Дядя Джо к этой проблеме тоже относился просто. Все, что против Советов, — хорошо. Best red is dead. Четкая, честная позиция. Он ходил на обед к президенту Бушу в Белый дом. Мои друзья-авангардисты позеленели бы от злости, узнав об этом. Я в шутку спросил его, приводили ли ему туда проституток, как Кеннеди или Клинтону, но он ответил, что лишь пробавлялся фуршетом и знакомился с людьми.
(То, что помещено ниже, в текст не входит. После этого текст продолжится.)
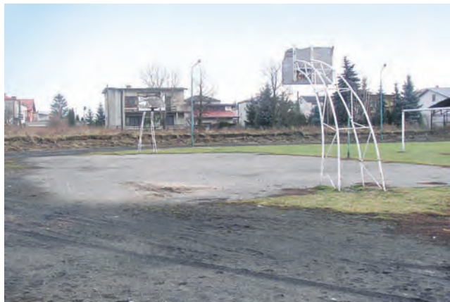
Płyta do koszykówki na miejskim stadionie. Tu wszystko ma się zmienić.

Gmina rozpocznie budowę wodociągu w ulicy Polowej w Żychlinie, co będzie kosztowało 40 tys. zł. str. 4

«Независимо от исхода военных действий Сербия — несомненный агрессор — должна нести на себе все бремя репараций», — сказал он недавно в «Нью-Йорк таймс».
Я не стал спрашивать, на основании чего он делает такие выводы. У каждого свой бэкграунд, свое личное безумие. Американцы тем и хороши, что суждения оппонента принимают спокойно и в бутылку не лезут.
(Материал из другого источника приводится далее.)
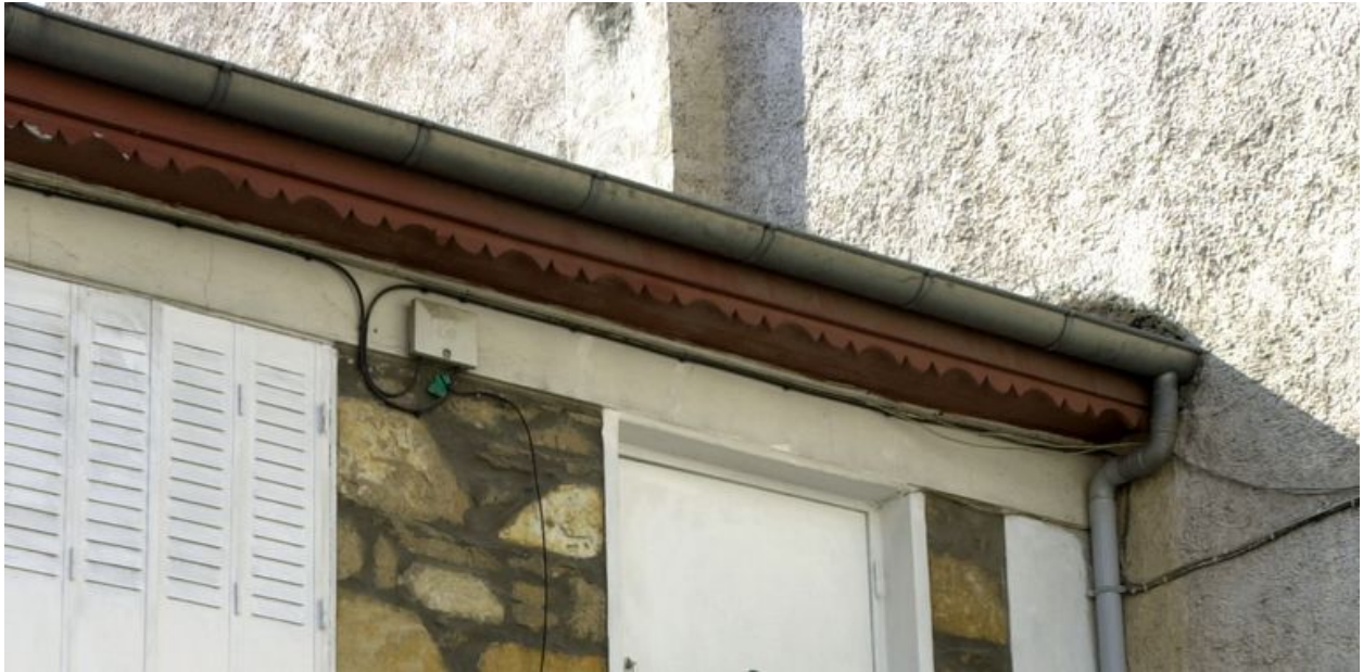
Détail de la corniche et du lambrequin

С Лимоновым я тогда знаком не был, но тот видел жизнь в ином свете.
Встретил на вечеринке Марину Тёмкину.
— Ты слышал, что Лимонов уехал воевать в Югославию?
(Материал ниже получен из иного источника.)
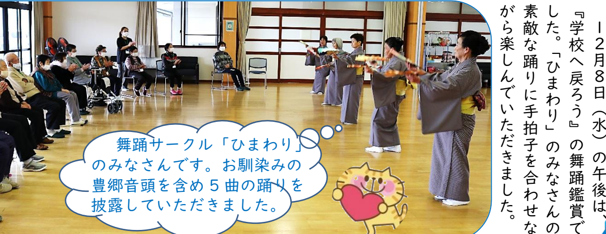
舞踊サークル「ひまわり」のみなさんです。お馴染みの豊郷音頭を含め5曲の踊りを披露していただきました。

12月8日(水)の午後は、『学校へ戻ろう』の舞踊鑑賞でした。「ひまわり」のみなさんの素敵な踊りに拍手を合わせたから楽しんでいただきました。

— Похвальное решение. Из нас тоже можно составить интербригаду.
— Он убивает людей. Понимаешь? Убивает! Людей! Это недостойно поэта.
— На войне всегда убивают людей, Марина. А что еще делать на войне, если не убивать? Иначе убьют тебя.
— Но ведь он — п о э т, носитель гуманистической идеи.
— Кроме этой идеи, полно других. И вообще, с тех пор как поэты перестали убивать людей, они стали писать существенно хуже.
С таким мировоззрением я не должен был здесь прижиться. Однако — ничего, влился. Катался как сыр в масле по наклонной плоскости. На политические темы не думал. И ни на какие другие — тоже. Мне казалось дурным тоном — грузить себя и других чепухой. Человек мира должен слушать «сердце мира», а не вестись на идеи прохвостов.
— Я знаю людей, которые каждое утро начинают с мыслей об Иосифе Бродском, — говорил Роман Каплан, когда его гости слишком удалялись в политическую разноголосицу.
Старик был трогателен в гордости за друга. Я тоже часто мог себе позволить размышления о Дяде Джо, особенно в свете «молитвы о чаше». Эстрады в духе «Авва Отче» он не допускал, но тревожные нотки слышались. Джо пытался успеть сделать все, что отведено ему на этом веку. В те годы я был незрелым, но веселым человеком. Когда Боб Фосс с ухмылкой помирал в All That Jazz под музыку Bye Bye Love, я сопричастно улыбался. Бродский, по словам очевидцев, при известии об операции на сердце побледнел. «Век скоро кончится, но раньше кончусь я»[100]. Ксения Иосифовна сказала мне как-то, что он прав. Ее цыганскому чутью я верил. «Ведь ты умер своею смертью и в этом веке. И значит, находишься где-то неподалеку». Я написал это за пять лет до его кончины, не ведая, этично ли это.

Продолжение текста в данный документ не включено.